• _TASK TO CARRY OUT_: Return exactly the lines of the records below, starting at the line that contains "A&C Folklore Stunning" and ending at the line that contains "100期老版跑狗一字記之曰:【韻】", with both of those lines kept.

• _DATASET RECORDS_:
☆ ☆ ☆ ☆ ☆

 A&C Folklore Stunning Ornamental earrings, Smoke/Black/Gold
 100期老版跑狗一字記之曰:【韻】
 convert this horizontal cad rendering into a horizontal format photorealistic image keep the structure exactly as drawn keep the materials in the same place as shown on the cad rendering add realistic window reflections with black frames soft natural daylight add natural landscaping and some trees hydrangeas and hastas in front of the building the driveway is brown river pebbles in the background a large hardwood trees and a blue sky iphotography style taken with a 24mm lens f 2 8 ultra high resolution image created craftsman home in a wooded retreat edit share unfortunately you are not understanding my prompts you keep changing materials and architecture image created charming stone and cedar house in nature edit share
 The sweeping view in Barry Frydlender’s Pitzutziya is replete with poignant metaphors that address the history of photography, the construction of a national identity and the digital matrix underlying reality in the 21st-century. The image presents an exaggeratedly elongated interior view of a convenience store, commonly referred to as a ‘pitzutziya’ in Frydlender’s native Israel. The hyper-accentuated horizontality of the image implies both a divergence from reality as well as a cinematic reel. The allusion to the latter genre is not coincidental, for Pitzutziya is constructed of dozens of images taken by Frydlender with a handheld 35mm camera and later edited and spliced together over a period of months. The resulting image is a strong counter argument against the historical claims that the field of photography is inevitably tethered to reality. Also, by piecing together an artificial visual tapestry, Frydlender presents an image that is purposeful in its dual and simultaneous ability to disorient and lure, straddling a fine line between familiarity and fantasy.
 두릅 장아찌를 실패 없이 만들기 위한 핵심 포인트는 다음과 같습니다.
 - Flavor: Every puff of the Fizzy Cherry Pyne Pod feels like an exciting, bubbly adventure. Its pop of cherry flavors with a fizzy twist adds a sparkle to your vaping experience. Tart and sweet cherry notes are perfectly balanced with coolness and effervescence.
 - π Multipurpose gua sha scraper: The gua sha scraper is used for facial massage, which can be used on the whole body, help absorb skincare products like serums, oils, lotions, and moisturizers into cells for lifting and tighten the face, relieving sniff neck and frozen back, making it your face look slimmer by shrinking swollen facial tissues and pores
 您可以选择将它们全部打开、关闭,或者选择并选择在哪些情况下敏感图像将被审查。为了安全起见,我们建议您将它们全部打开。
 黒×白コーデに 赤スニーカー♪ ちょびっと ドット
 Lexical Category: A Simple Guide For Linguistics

☆ ☆ ☆ ☆ ☆

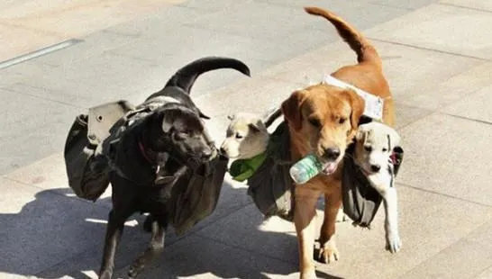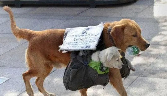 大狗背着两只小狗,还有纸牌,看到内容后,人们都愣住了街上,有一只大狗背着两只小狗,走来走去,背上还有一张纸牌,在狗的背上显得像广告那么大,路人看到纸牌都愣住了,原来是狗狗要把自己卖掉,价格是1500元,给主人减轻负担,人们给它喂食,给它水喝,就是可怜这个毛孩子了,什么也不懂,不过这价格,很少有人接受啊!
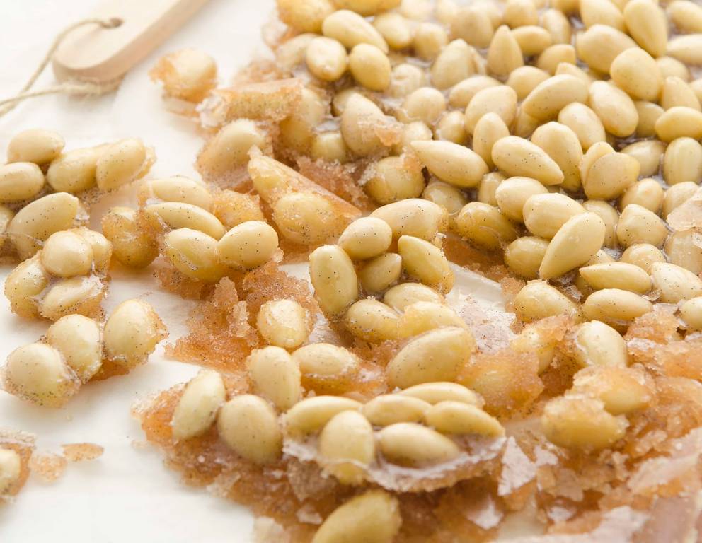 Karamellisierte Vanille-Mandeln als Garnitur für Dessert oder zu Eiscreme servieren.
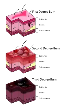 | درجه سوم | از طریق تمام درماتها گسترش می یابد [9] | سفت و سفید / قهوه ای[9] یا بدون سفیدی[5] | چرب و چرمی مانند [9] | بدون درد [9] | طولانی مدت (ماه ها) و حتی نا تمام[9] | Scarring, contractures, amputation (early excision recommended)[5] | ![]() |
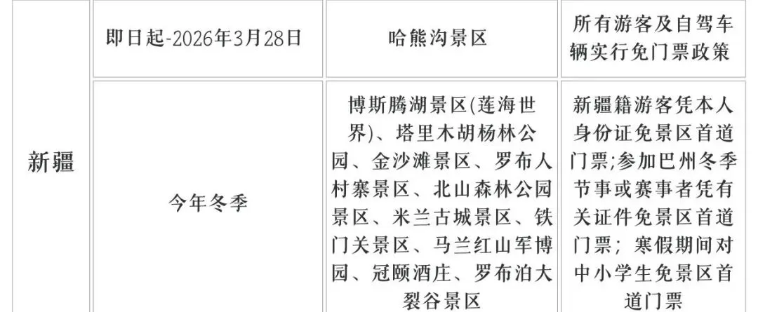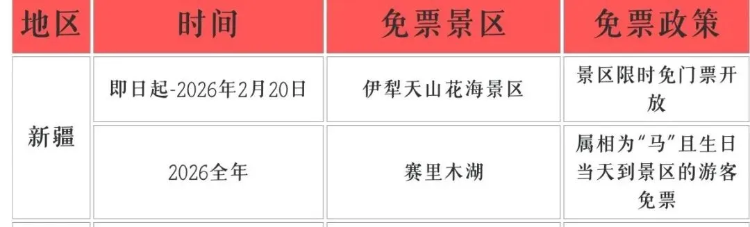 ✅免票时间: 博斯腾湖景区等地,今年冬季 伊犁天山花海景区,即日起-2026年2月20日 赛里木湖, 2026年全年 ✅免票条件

☆ ☆ ☆ ☆ ☆

• _OUTPUT_:
 A&C Folklore Stunning Ornamental earrings, Smoke/Black/Gold
 100期老版跑狗一字記之曰:【韻】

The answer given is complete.